The people in our society who have the least are policed the most. This was the case with Charleena Lyles, who lived in a low-income housing complex on the edge of Magnuson Park in North Seattle, where she’d received frequent visits from SPD officers before they finally took her life. Most of the visits resulted from emergency calls Lyles had placed in response to incidents of domestic violence. It’s a twisted logic that empowers police officers to adjudicate potential cases of domestic abuse when family violence is two to four more times higher in police officers’ households than it is among the general public.
For centuries the police have assaulted and murdered civilians while escaping criminal prosecution, targeting the working class—particularly Black and brown workers (and would-be workers)—as part of a systemic effort to maintain the concentration of wealth in the hands of the few. Police officers are the foot soldiers of capital, enforcing its law and order by ensuring that workers submit to exploitation at the hands of bosses, landlords, and other business owners that keeps profits flowing. In Charleena Lyles’ case, white officers reinscribed the dispossession that Black women have faced since the days of chattel slavery. These armed men entered her home, violating her rights to privacy and comfort and shattering the family she’d created.
As I gathered with other marchers in the grass at Magnuson Park, the buildings of Sand Point Family Housing fanned out in front of us. It was behind these walls that Lyles fed her children and put them to bed night after night, trusting that she’d be there to wake them up. The walls were supposed to keep her safe; they were supposed to offer sanctuary.
We filed past the building she lived in, chanting her name, not because we knew her but because we didn’t know her. In a city that values wealth and whiteness, Charleena Lyles remained invisible. Her death remained invisible too. There’s no video, no eight minutes and forty-six seconds of terror to watch and confirm what we already know: under racial capitalism, Black lives don’t matter.

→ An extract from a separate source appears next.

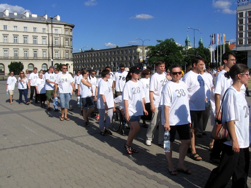 I to było moim zdaniem nie do końca przemyślane. Z poziomu ziemi nie było w ogóle widać zarysu samolotu. Mógł być widoczny jedynie z góry, a akurat na pl. Piłsudskiego i wokół niego żadnego wyższego punktu nie ma. Na początku osoby, które się zbierały na placu naturalnie zaczęły gromadzić się wzdłuż taśmy wyznaczającej obrys samolotu i przez to kształt tupolewa zaczynał być dobrze widoczny. Niestety, sami organizatorzy kazali "uwolnić obrys" samolotu. Zupełnie niepotrzebnie moim zdaniem. Oczywiście zwróciłem im na to uwagę, ale nie okazali się na tyle lotni, żeby z mojej wskazówki zrobić użytek.

Hundreds of voices rose from the street, animated by the demand to defund the police department that murdered her and invest in the communities that nurtured her. I gazed up at the sky, at the tops of the cedar trees, feeling the power build around me as we claimed a busy intersection. Comrades on bikes flocked ahead, clearing traffic so we could march on.
The uprising for Black Lives is challenging the premise of policing. We’re showing that we can keep each other safe without the repressive tools of the capitalist State, while exposing the contradictions the State tries to hide: In large American cities like Seattle, Black women are as likely to be evicted as Black men are to imprisoned. Black households own one-tenth the wealth of white households. The richest 10% of American households, of which only 3.6% are Black, hold over 70% of the country’s net worth.
Charleena Lyles, George Floyd, Rayshard Brooks, Breonna Taylor, and countless other Black women and men are the victims of a system built on gender, race, and class oppression. Police violence maintains this oppression, and it’s sanctioned by elected officials like Mayor Jenny Durkan, who last week announced a measly 5% reduction in SPD’s budget, despite consistent demands from movement activists to defund SPD by at least 50%.
Among those demanding a 50% reduction is Katrina Johnson, Charleena Lyles’s cousin. Johnson spoke to marchers outside the gates of Mayor Durkan’s mansion, which is nestled inside a wealthy enclave just over a mile from the apartment complex where police killed Lyles. We filled the tree-lined street overlooking the mayor’s property and listened to the calls for accountability. Roxanne White expressed the need to account for land stolen from Indigenous people, then Johnson took the stage, reproaching the Mayor for protecting the police department instead of everyday people like us. We repeated Lyles’ name, surrounded this time by multi-million dollar homes. We’d carried the movement into a space that most of us never knew existed in our city, and although Durkan never appeared, some of her neighbors did, watching curiously from their lawns, smiling, and waving.